许是这座宫殿里的贵主病得太重,听不得宫人们在房檐上行走的细碎声响,故而这檐上的雪停留了几日还未被清扫。
白雪将华丽的宫殿装点成素净寡淡的模样,压下了往日的锦绣张扬。夕阳洒在这座承载了十多年帝王恩宠的宫殿楼阁上,渐渐落下的日光仿佛也正映照着承春宫主人此时的境遇美人迟暮,君恩不在。
佳贵妃林氏出身异姓王南嘉王府,是现任南嘉王的嫡亲妹妹,林氏初入宫时便是昭仪之位,从她十六岁初入宫闱起,至今已有二十年了。
虽不是帝王心间的独宠,但凭借林氏的家世和才情,她依旧是后宫里顶尊贵的后妃。
佳贵妃膝下一子一女,皇长女懿成公主出阁两年,夫君出自钟鸣鼎食的华章侯府,日子过得安稳。
幼子是二皇子魏泽,魏泽早在十年前就被立为皇太子,若不出意外,等魏泽以后继位,林贵妃以后就是大周最尊贵的皇太后。
但可惜的是,她的身子应该是挺不到那个时候了。
承春宫的正殿中,日暮西山的佳贵妃此时正靠坐在贵妃榻上,双眸无神的看着窗边的折枝插瓶,手中捏着她这些年来与南嘉王府用来传信的的印鉴,整个人似乎是怔住了。
“你方才说,陛下要废太子他要废了阿泽”
佳贵妃初初听着这消息愣了好一会,许久才轻声问下首的谢韵,似乎不是在询问下首站着的人,只是在自顾自的呢喃轻语。
“没错,我们安插在紫宸殿的宫人偷听到陛下与周阁老谈及此事,不仅是废太子,陛下甚至,连立宸王为储的圣旨都已经拟好了,只等大行那天,几位重臣一同宣读遗旨了。”
并且陛下一直都在暗中给宸王魏湛铺路,表面上看中太子魏泽,实际上,从头到尾就没有做过让魏泽登基的打算。
谢韵精致出尘的脸上尽是平静,淡漠得好像她不是太子阵营中的人一样。
但实际上,她身为太子伴读,又有太子少保的虚职在身,这些年没少为佳贵妃做些见不得光的事,在世人眼中,她是太子心腹中心腹,若太子登基,她就是未来的权臣。
如果太子被废,宸王登基,以她和宸王针锋相对的程度来看。
她难逃一死。
也或许临死前大刑加身,比死还惨。
佳贵妃依稀能看出年轻时美艳非凡的病容上浮起一丝冰寒,她冷笑一声,指甲扣紧了手中的印鉴,缓缓道“最是无情帝王家,本宫早该猜到他压根就没有让阿泽继位的意思,这些年的恩宠荣华,都是假象罢了,都是假的”
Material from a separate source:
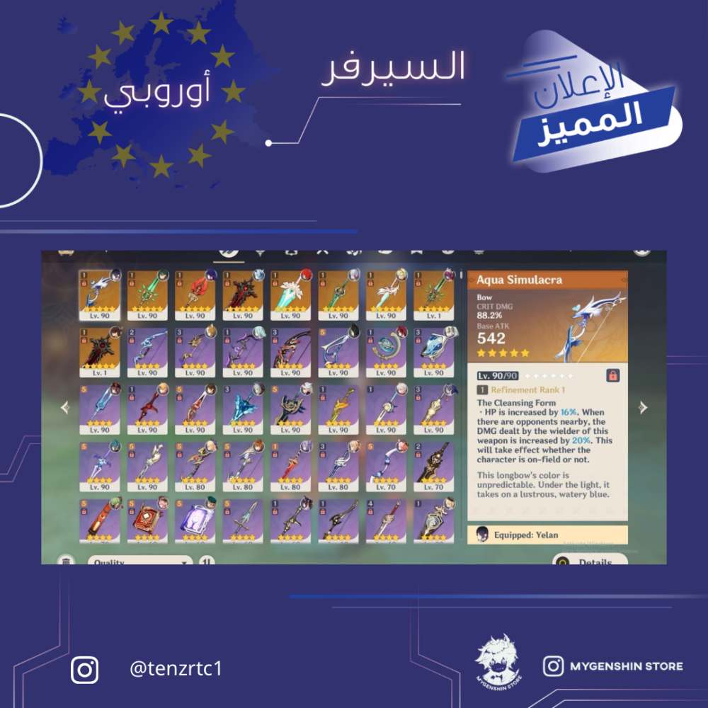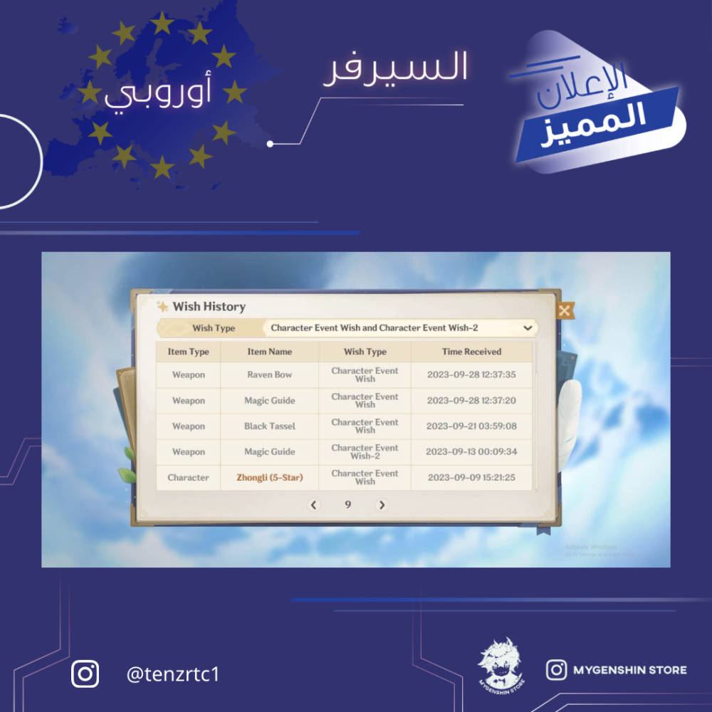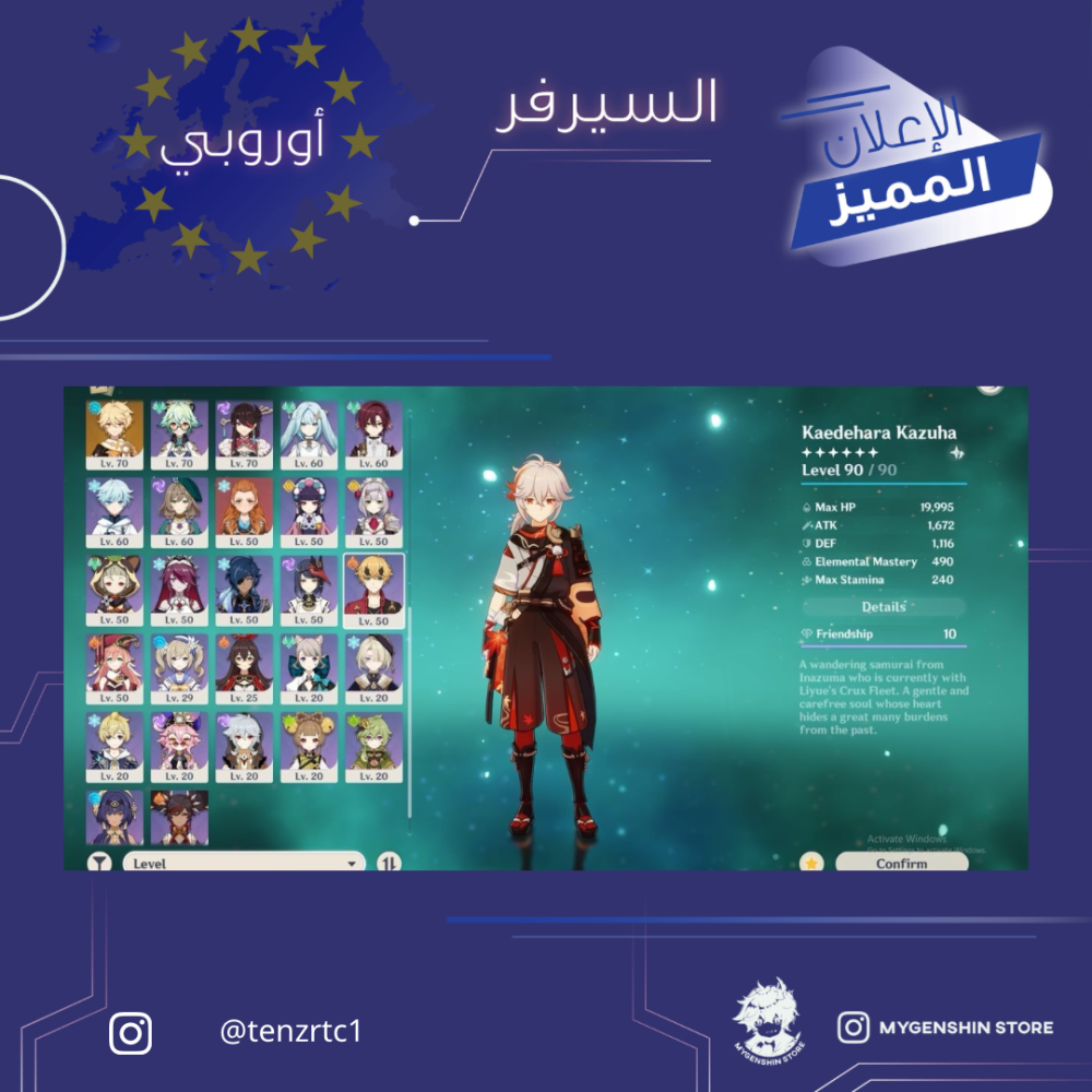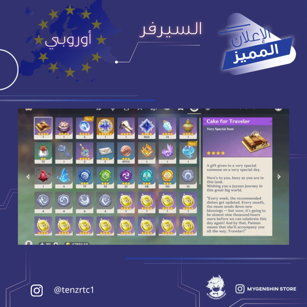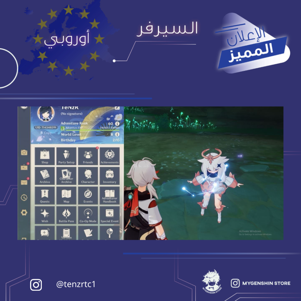(tenzrtc1) حساب سيرفر اوروبا لفل 60 يحتوي (17 شخصية)
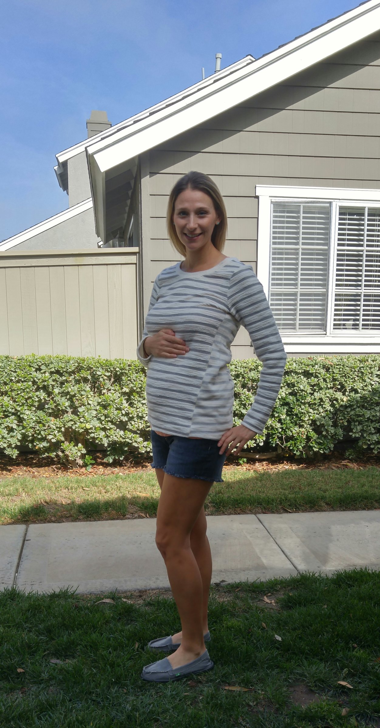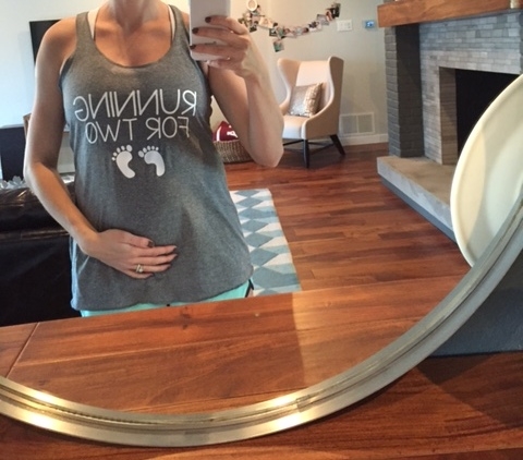 15 weeks with bebe #2. MY SIL gave me this precious running shirt and I finally wore it yesterday. The side angle is hard to see much, but you can see some tummy bulge from the front.

“魏湛虽有陛下在暗中铺路,但太子殿下入主东宫多年,朝中愿意追随的臣子众多,统领京外驻军的林将军也有意与东宫联姻,投诚之意明显。
宸王领兵多年,战神之名虽盛,但文官们却始终觉得他杀伐之气太甚,大多忌惮,若是宸王在朝中失了文臣的支持,光凭陛下成全,恐怕也难以服众,我们未必没有与之一争的能力。”
聪明人之间的交流从不需要太多的话语,只需一个眼神的对视,林贵妃就能懂得谢韵话里藏着的深意。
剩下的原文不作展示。